One question about the way you suggested on the tailstock base alignment with the v blocks on the made "quill". Would that tell me if the base was let's say "rolled"? What I mean is the horizontal part of the base could still be let say 2 and 8 not at 3 and 9 with the quill still being aligned to the axis of surface grinder.  That would align the quill but not the base right? Or am I missing something?
 My guess is the chuck indexing fixture will be in the same shape. It does spin very well and putting the three jaw on it with the mt4 shank surprisingly with a dowel in the chuck it had .0007 runout. I'm sure it's in the same shape as the centers. That will a another project. 
I have so many questions on t&c grinders. Like alignment of head to axis, or index fixture to table or "0" degrees? Cutter flutes to chuck for indexing. Like said their is so much to learn with very little resources out there about the subject. Richard I really appreciate the information given I'm all ears on the advice of reconditioning of this t&c grinder. Im well aware of what I've got and I'm not looking for nasa tool room specs here. I just want to start out not behind the ball. Want to be able to grind my tooling and carbide as I wish and be confident it's cutting on all flutes. And when the centers don't align I think I've got a problem that needs some attention. Much appreciated thanks!


----------



## Bi11Hudson (Aug 20, 2018)

I'm about 3/4 asleep, and after looking 3 or 4 times at your tail stock, I'm still not sure of the ability to move said tail stock side to side. Sorry I'm so fuzzy yet. I think my eyes are bone weary tired.

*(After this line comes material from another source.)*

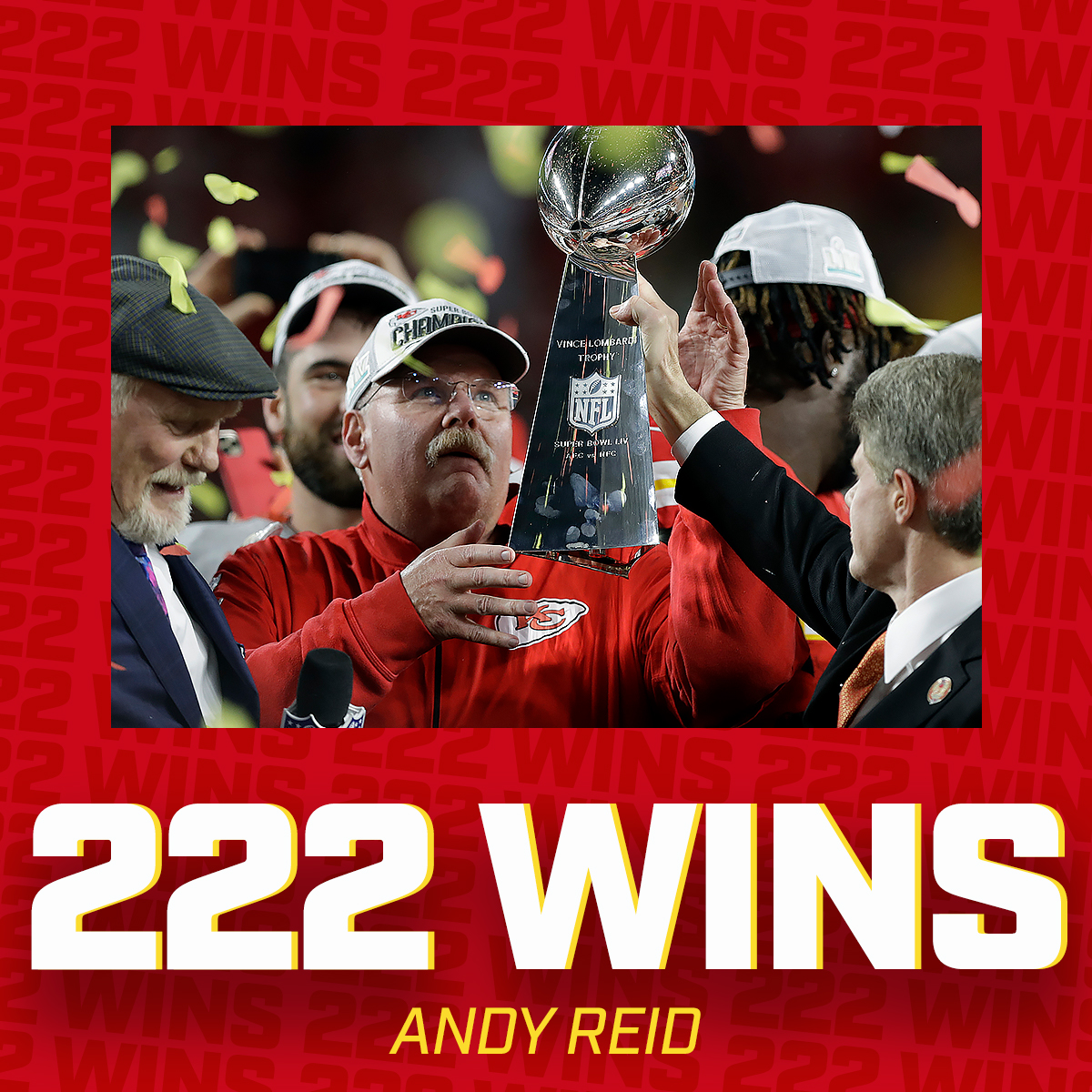 On 02/02/2020, Andy Reid got his 222nd win as a head coach.

There is, once you've smoothed the base, a way to "balance"(?) the truth of the tailstock to the head stock. It's not the "end-all" solution, but is rather a quick check to be done when setting up a touchy project. Take a piece of shim stock (I use a piece about 1 X 2 inches, 2-1/2X5cm) with head and tail centers run together. The tilt, or offset of the shim stock will show direction of the error. It doesn't need to be precision, a piece of business card stock will do. Basicly the same system as setting center height for a cutting tool. It should be square to the frame, any misalignment of the centers is indicated by tilt of the shim.

A piece of kitchen aluminium foil will serve to bring the tailstock up if it is too low. Simply placed in the "dovetail" on the tailstock to add a fuzz of height. If too thick, a coat of heavy paint may do. But foil is usually thinner than typing paper. Again, not the end-all solution but may well serve ti get the basic alignment done without a test bar.

Then again, I may just be babbling away. Not really knowing what I'm talkingabout.


----------